Survivors began to climb from the wreck, some handing out blood-covered children to those who had been first to exit.

‘Someone get the dressing pack from the cab.’ Hyde put down the control box. ‘Come on, we can’t leave the poor buggers.’

‘No, we haven’t the time. They will slow us.’

‘Piss off.’ Hyde tore Andrea’s fingers from their grip on his arm. ‘They’re your bloody people. Now get that first-aid kit…’

As she grudgingly obeyed, he looked again at the distant scene. Panic appeared to have set in among the injured civilians; some tried to claw their way back into the bus, others ran in frantic circles. One of them collapsed and lay still, and then another and another.

‘What…?’ Panning the ground with binoculars he saw the cause. ‘The Reds are through the minefield; they’re shooting the poor bastards.’

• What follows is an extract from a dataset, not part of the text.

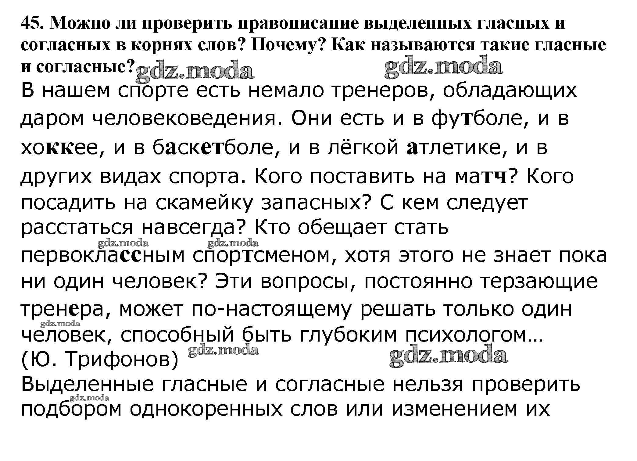 ОТВЕТ на задание № 45 Учебник по Русскому языку 5 класс Баранов
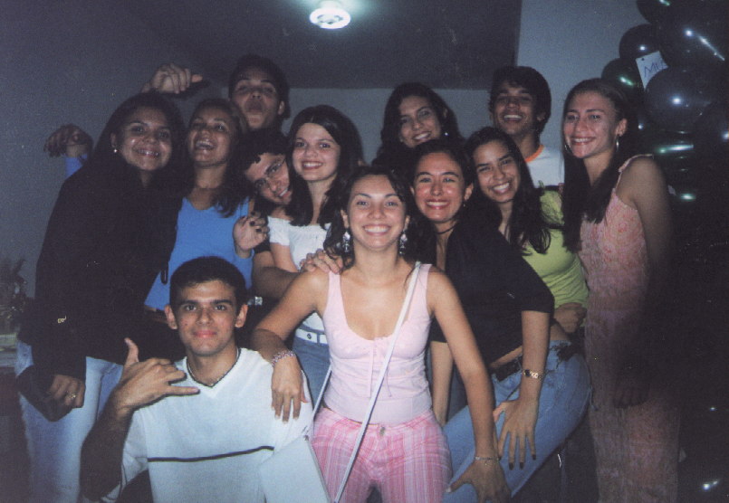 | Olha a galera de 2003 na confraternização de Natal. Na foto: Larissa, Vania, Marcio, Igor, Ana, Renata, Julio e Carol. Agachados: Diego, Natalle, Dielly....Me desculpem as duas na frente....Eu não conheço a turma toda e não sei o nome delas....mandem os nomes que eu mudo, ok??? | ||||

From the partial concealment of a bend in the road, where it emerged from the woods, a lavishly camouflaged, squat-hulled tracked APC was hosing long bursts of machine-gun fire at the refugees.

Trapped on the bridge, their escape blocked by the hulk of their earlier transport, the women and children flopped to the ground. Even when the last was down the firing continued, sending hundreds of rounds into the heaped bodies until there was no more movement.

‘No! They haven’t seen us.’ Barking at Ripper, who was traversing the Browning, Hyde choked down his own urge to retaliate, but not his revulsion at what they’d witnessed. He checked his watch. They had still a few minutes to spare before they’d have to start back. So they’d be cutting it fine, so be it. He wanted to pay those shits back tenfold.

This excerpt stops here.